(Collected data entries)
-=-=-=-=-

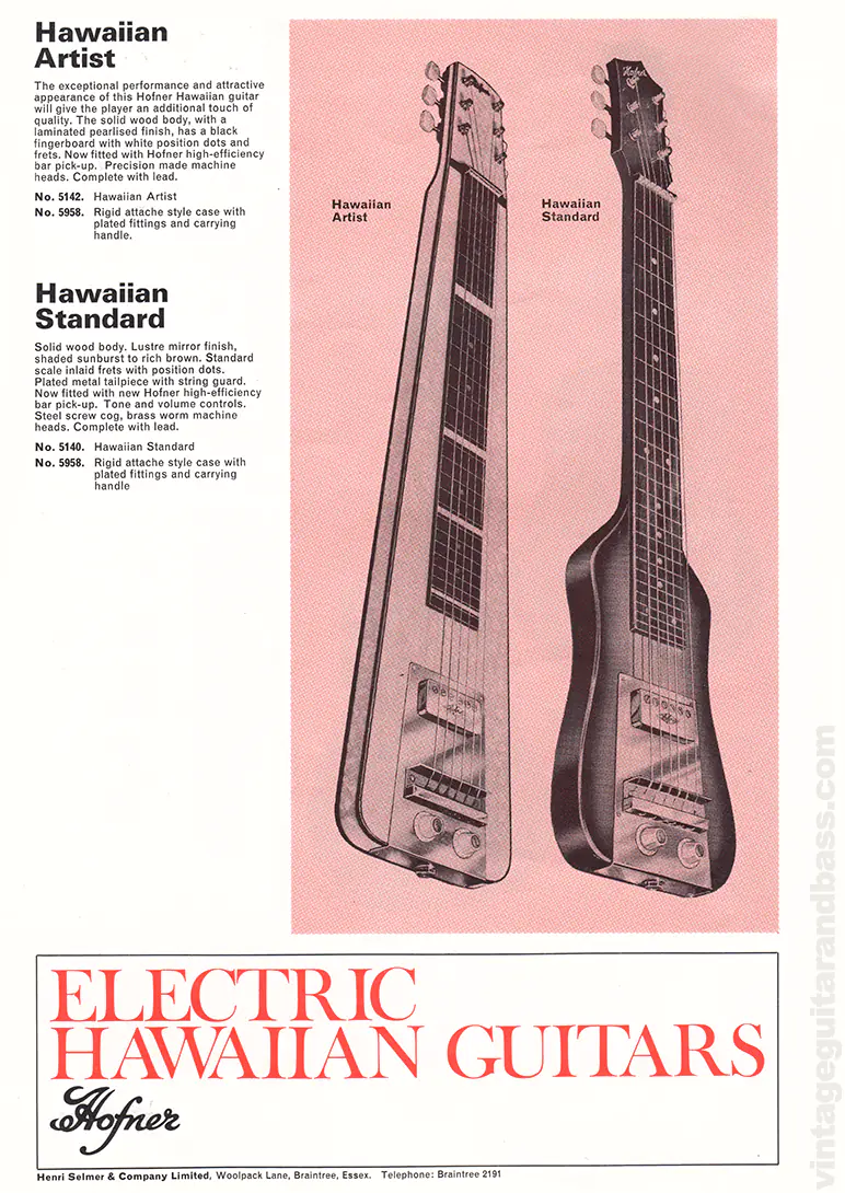 The suggested case for the Hofner Hawaiian guitars was "rigid attache style case" 5958 (see cases, page 44).
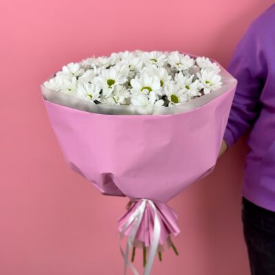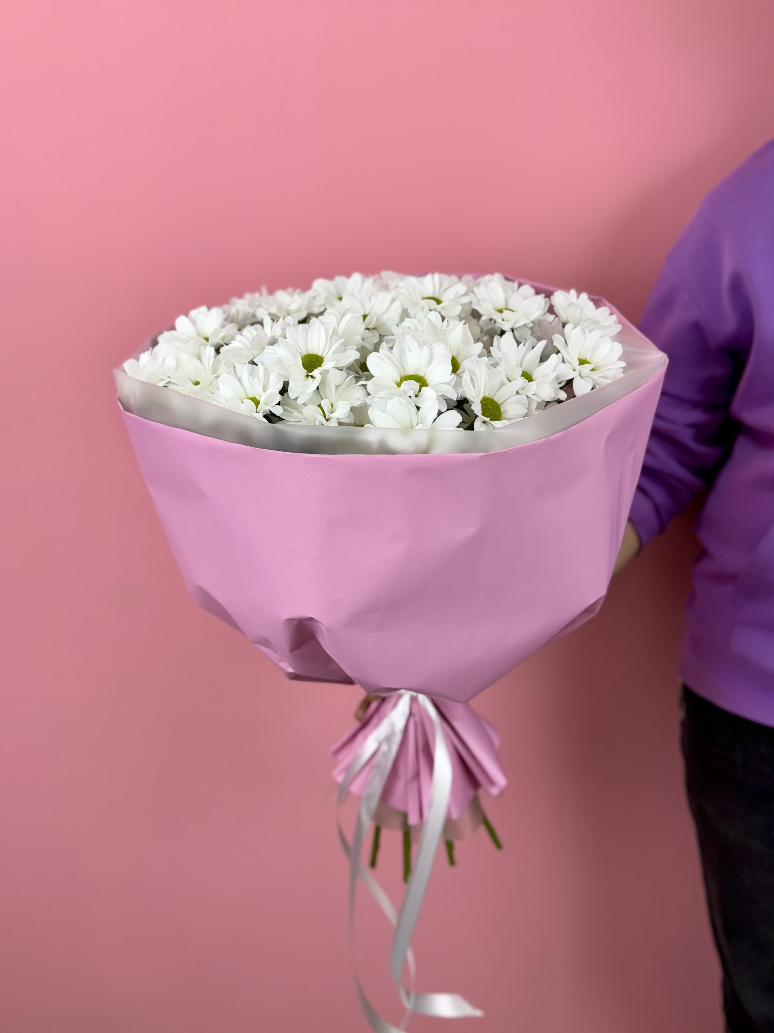 Моно букет из 9 кустовых хризантем ромашка, в двойной корейской упаковке конфетка
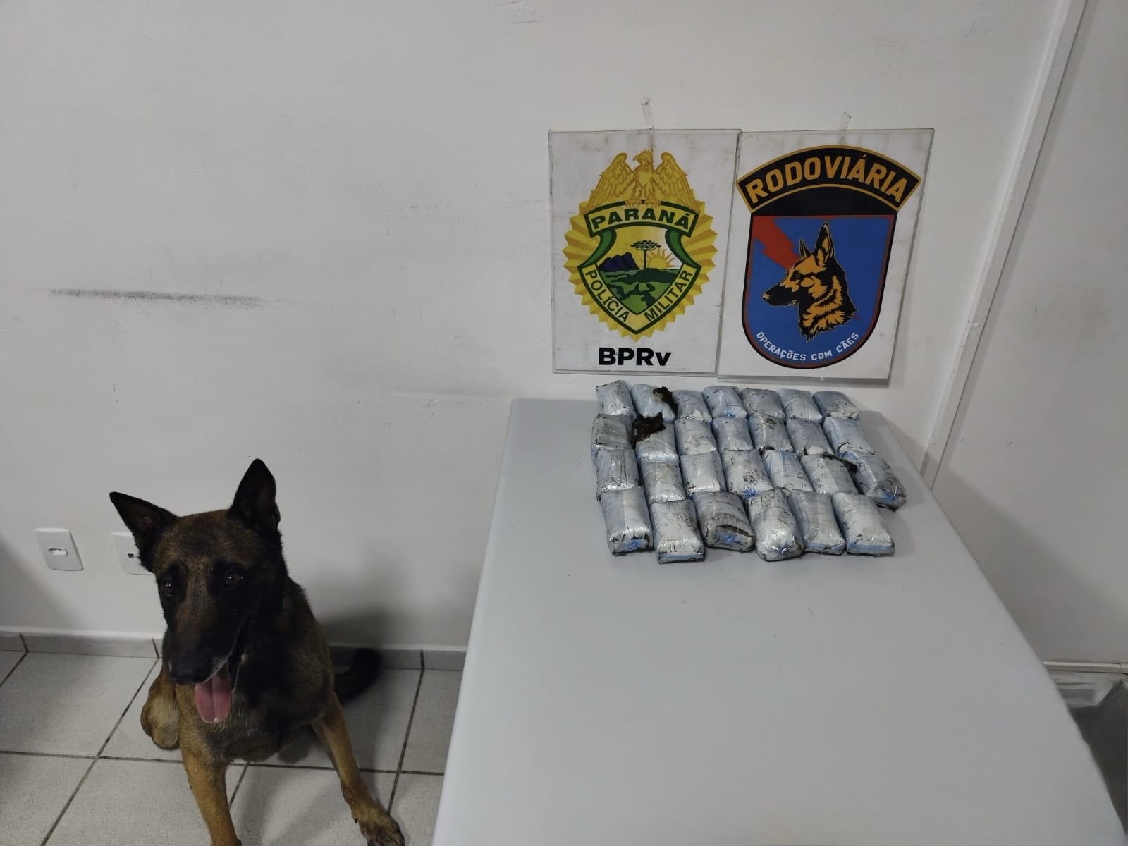 Na noite de sexta-feira (5), por volta das 23h50, a Polícia Militar Rodoviária, em operação com a equipe de Operações com Cães, prendeu uma mulher de 35 anos pelo crime de tráfico de drogas em Piraí do Sul, na região dos Campos Gerais. A ação ocorreu no km 265 da PR-151, durante a fiscalização de um ônibus que fazia o itinerário Foz do Iguaçu (PR) – Rio de Janeiro (RJ). O cão farejador Máximus foi empregado na vistoria ao bagageiro traseiro e indicou positivamente uma mala de cor preta. Na revista, os policiais encontraram, escondidos em meio a um cobertor, diversos invólucros de haxixe, totalizando 5,611 kg. A responsável pela bagagem foi identificada por meio do cupom de embarque. Segundo a própria suspeita, ela receberia R$ 2 mil para transportar a droga até São Paulo. A mulher recebeu voz de prisão em flagrante e foi encaminhada à Delegacia de Polícia Civil de Castro, junto com os entorpecentes e demais materiais apreendidos.
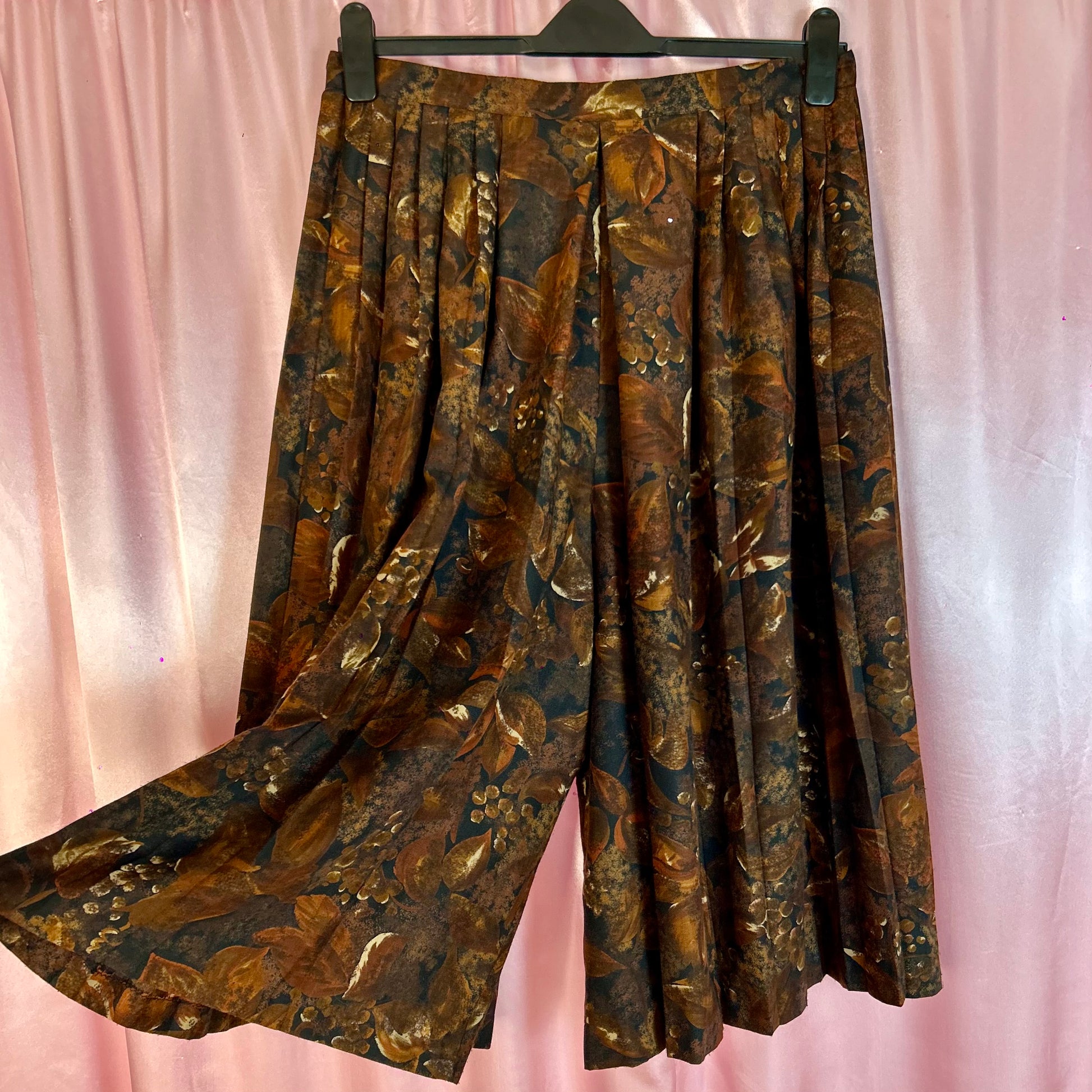 These wide leg culottes are the perfect option for when you cant decide between a skirt or trousers! They have so much material pleated into the waistband so are lovely and flared, covered in a brown floral pattern on a black background. Fastening in the back with a zip and button.
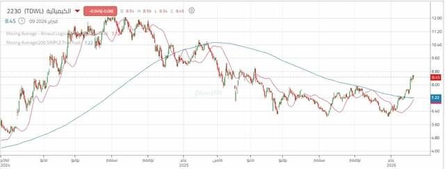 مباشر للأبحاث: شهد سهم الكيميائية ارتفاع ملحوظ خلال الجلسات الماضية، مخترقاً مقاومة محورية حول 7.60 ريال – 7.90 ريال، تشير المؤشرات الفنية إلى أداء إيجابي، إذ يتحرك مؤشر القوة النسبية (RSI) أعلى المستوى المحايد، في حين يُظهر مؤشر التقارب والتباعد للمتوسطات المتحركة (MACD) إشارات إيجابية.

-=-=-=-=-

**Activity:**
Give the data above again, exactly, with every picture removed.

**Output:**
 The suggested case for the Hofner Hawaiian guitars was "rigid attache style case" 5958 (see cases, page 44).
 Моно букет из 9 кустовых хризантем ромашка, в двойной корейской упаковке конфетка
 Na noite de sexta-feira (5), por volta das 23h50, a Polícia Militar Rodoviária, em operação com a equipe de Operações com Cães, prendeu uma mulher de 35 anos pelo crime de tráfico de drogas em Piraí do Sul, na região dos Campos Gerais. A ação ocorreu no km 265 da PR-151, durante a fiscalização de um ônibus que fazia o itinerário Foz do Iguaçu (PR) – Rio de Janeiro (RJ). O cão farejador Máximus foi empregado na vistoria ao bagageiro traseiro e indicou positivamente uma mala de cor preta. Na revista, os policiais encontraram, escondidos em meio a um cobertor, diversos invólucros de haxixe, totalizando 5,611 kg. A responsável pela bagagem foi identificada por meio do cupom de embarque. Segundo a própria suspeita, ela receberia R$ 2 mil para transportar a droga até São Paulo. A mulher recebeu voz de prisão em flagrante e foi encaminhada à Delegacia de Polícia Civil de Castro, junto com os entorpecentes e demais materiais apreendidos.
 These wide leg culottes are the perfect option for when you cant decide between a skirt or trousers! They have so much material pleated into the waistband so are lovely and flared, covered in a brown floral pattern on a black background. Fastening in the back with a zip and button.
 مباشر للأبحاث: شهد سهم الكيميائية ارتفاع ملحوظ خلال الجلسات الماضية، مخترقاً مقاومة محورية حول 7.60 ريال – 7.90 ريال، تشير المؤشرات الفنية إلى أداء إيجابي، إذ يتحرك مؤشر القوة النسبية (RSI) أعلى المستوى المحايد، في حين يُظهر مؤشر التقارب والتباعد للمتوسطات المتحركة (MACD) إشارات إيجابية.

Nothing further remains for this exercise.